Ahora, José Miguel Rojas monta una colección de retratos en los que se descubren continuidades y rupturas, algo, por demás, propio de su trayectoria, en la que ha explorado con técnicas y temas por etapas más o menos prolongadas hasta saciarse para, luego, pasar a un nuevo estadio.

Esta vez es el rostro el protagonista, en el que se transparenta por excelencia el alma, el interior de lo humano. Una colección de miradas reconcentradas, de gestos huraños que recuerdan cierta galería familiar de quienes no necesariamente han sido nuestros parientes, pero a los que incorporamos en nuestra personal genealogía. Las figuras nos miran de reojo, a contrapelo de lo que quieren, que seguramente sería rumiar su agresividad y enojo sin que fueran expuestos a la mirada indiscreta y sancionadora nuestra.

Se cuela, sin embargo, un sustrato lírico y melancólico en algunos, sobre todo en aquellos en el que hay confrontación entre varón y mujer. Él siempre la ve a ella. Ella desvía la mirada y lo ignora, aunque quien la confronta vuele a su alrededor como moscardón enamorado.

Hay una enorme tentación de interpretar los rostros, las miradas y las esquivas relaciones como expresión de los vericuetos del subconsciente, como desfogue de lo que está apresado en las entrañas y no se dice pero se escapa cuando corre la mano sobre la tela como casi única mediación entre el adentro y el afuera. La desconfianza, el distanciamiento, la hosquedad. La figura endeble, siempre subalterna del artista.

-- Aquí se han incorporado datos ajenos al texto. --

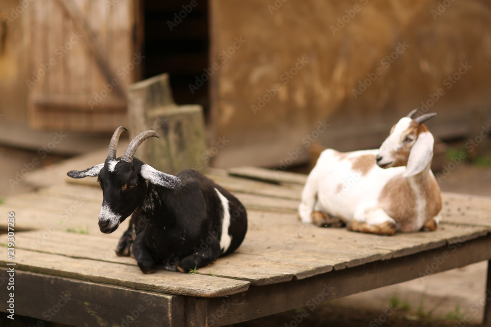 two goats relaxing in zoo paddock after feeding close up summer outdoor photo
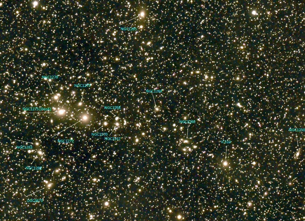 Der mitgliederreiche Galaxienhaufen Abell 426 im Sternbild Perseus gehört mit circa 420 Millionen Lichtjahren Entfernung zu den nahen seiner Art. Er besteht aus zahlreichen elliptischen und linsenförmigen Galaxien, deren hellste von ihnen die irreguläre Galaxie NGC 1275, eine der stärksten Radioquellen am Himmel ist (Per A) ist. Sie liegt nicht im Zentrum des Haufens, sondern am Rand einer fast linearen Kette von Galaxien. Deshalb wird der Haufen als »L« in der Rood-Sastry-Klassifikation geführt (Lineare Anordnung von Galaxien), im Gegensatz zum Coma-Haufen Abell 1656 mit der Bezeichnung Rood-Sastry cD (core dominant). Die Helligkeit der Mitglieder liegt zwischen 11,7 mag (NGC 1275) und etwa 16 mag. Diesmal interessierte mich aber, was ich mit meinem 100 mm/F4.1 Skywatcher Esprit, der eigentlich nichts anderes ist als ein Teleobjektiv von 10 cm Öffnung und 400 mm Brennweite ist, erreichen könnte. Das Bildfeld meiner ZWOASI533MC beträgt genau 1,5 x 1,5 Grad, so dass der gesamte Galaxienhaufen darin Platz findet. Prominent dabei sind nur NGC 1275 und NGC 1272. Deutlich sieht man die lineare Anordnung der helleren Galaxien. Abell 426 liegt zudem nur 13 Grad unter der galaktischen Ebene, wodurch er in einem reichen Sternfeld liegt. Zoomt man aber ins Bild hinein, so kommt eine große Anzahl von lichtschwachen Haufenmitgliedern zum Vorschein, bis zur 15. bis 16. Größenklasse. Das ist erstaunlich bei einem so kleinen Instrument! Es sind alle Galaxien und Sterne auf dieser Aufnahme zu sehen, wie sie auch mit meinem 8-Zoll-Newton sichtbar sind! Die Aufnahme beträgt dabei nur 3,5 Stunden und ich bin deshalb sicher, bei längerer Belichtungszeit alle Haufenmitglieder zu erreichen.
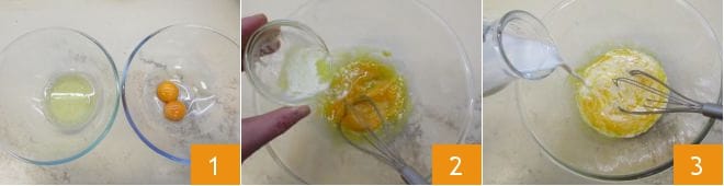 Pour préparer les pancakes bicolores, commencez par la base : faites fondre le beurre à feu très doux, puis laissez tiédir. Pendant ce temps, séparez les blancs des jaunes d'œufs 1. Versez les jaunes dans un bol et battez-les avec un fouet, puis ajoutez le beurre fondu et tiédi 2 et le lait en filet 3.
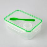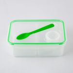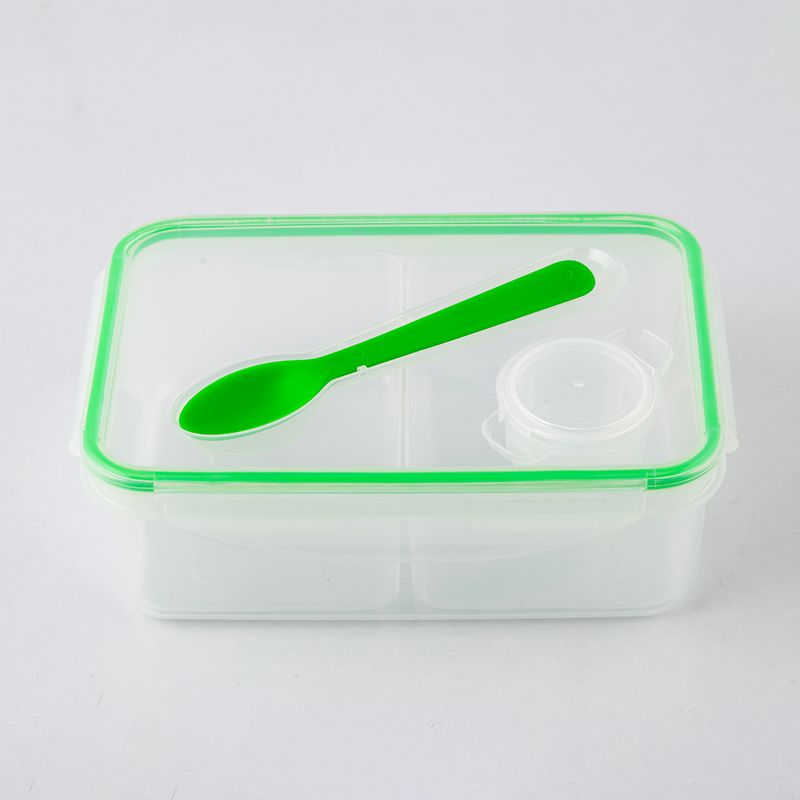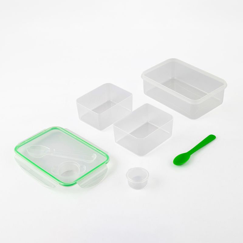 Fabricado en plástico de alta resistencia y libre de BPA, este contenedor ofrece una solución versátil y segura para el transporte y organización de alimentos. Su diseño translúcido con detalles en color verde cuenta con un sistema de cierre hermético mediante pestañas laterales y un empaque de silicona que previene filtraciones. El conjunto incluye tres compartimentos internos de plástico removibles, un recipiente pequeño con tapa para aderezos y una cuchara que se integra en la tapa principal. Con una capacidad total de 1.5 litros, es el accesorio ideal para mantener una dieta balanceada en el trabajo, la escuela o viajes.
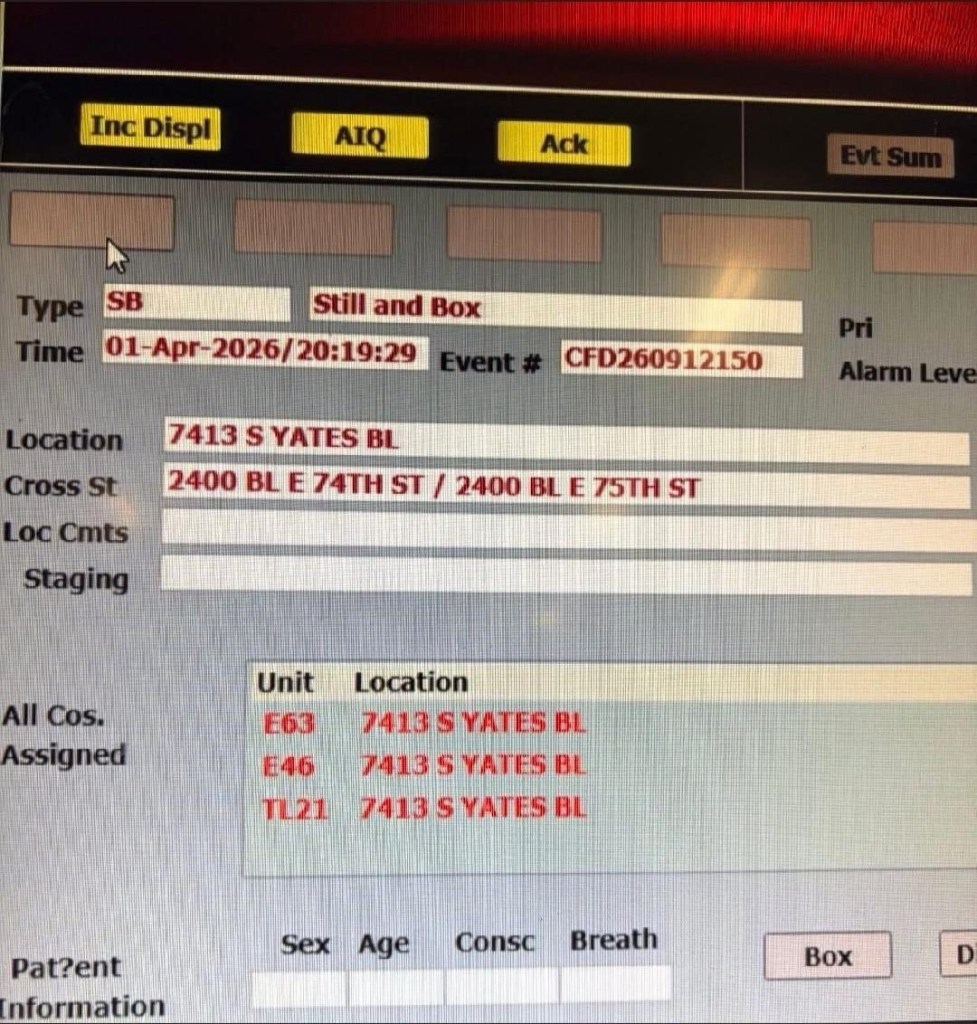 On Monday April 1, 2026, CFD battled a fire at 74th and Yates in South Shore, the Battalion Chief declared an extra alarm and requested a tower ladder.

Técnicamente Ensayos sobre el rostro emerge del empaste pesado del acrílico, y se vincula más con los dibujos que desembocaron en la serie Balthus. No son ellos pero de ahí vienen, de figuras etéreas de muchachas núbiles que se muestran displicentes sin sospechar –tal vez- la vorágine de deseos que despiertan.

¿Cómo partir de allá para llegar acá? ¿Cuál es el camino? No hay fórmula ni vía establecida. No hay lección académica que lo indique. Es la mano que hace y repite, que recorre ciertos indescifrables gestos que poco a poco, sin saber los mecanismos, se trasmutan en otra cosa: de la niña desmayada apenas insinuada en su contorno surge la mujer de mirada recelosa que seguramente la censura.

El color escueto, casi que solo insinuado, apenas manchado por el grafito, evidencia la preponderancia del dibujo que no es sino la estructura básica, el andamiaje sobre el cual se construye. Se muestra, pues, el esqueleto, y en él se queda descarnadamente: frase sin adornos, directa, clara, contundente.

Hay en José Miguel Rojas una huella indeleble de identidad contemporánea, un ambiente de época que no se encarna en ninguno de sus trabajos en particular pero que está presente en todos. Es un hálito de cinismo, de desconfianza, de soledad, de individualismo egoísta. La dificultad para relacionarse. El consumo del otro (uno tras de otro). Es más una sensación que una forma o una figura, pero que se desprende de ella, de la luz que la ilumina. No alegra sino preocupa, entristece, no porque él lo diga sino porque lo que dice de pronto lo descubrimos en nosotros y nos da pena.

Artista a principios del siglo XXI. Hombre a principios del siglo XXI. Narrador de lo que somos. Escalpelo que saca a la luz entrañas calientes pero ocultas con voz escueta y queda. Susurro punzante de voz sufriente.

Rojas es una presencia remarcable en la plástica contemporánea costarricense. Pertenece a una generación que canta en coro con voz propia aunque cada uno tenga un timbre distinto. Son críticos, cuestionadores. Han adquirido conciencia del mundo contradictorio en el que viven. Nunca como ahora se habían hermanado, en lo que dicen y cómo lo dicen, con el resto del istmo centroamericano.

Él se diferencia por algunas cosas, entre otras, por el ejercicio constante de la curadoría en la cual expresa otras preocupaciones, distintas pero vinculadas a lo que dice como pintor y dibujante. En ambas, claro, es artista, con todos los rasgos que le caracterizan, sobre todo la incisividad y la contundencia.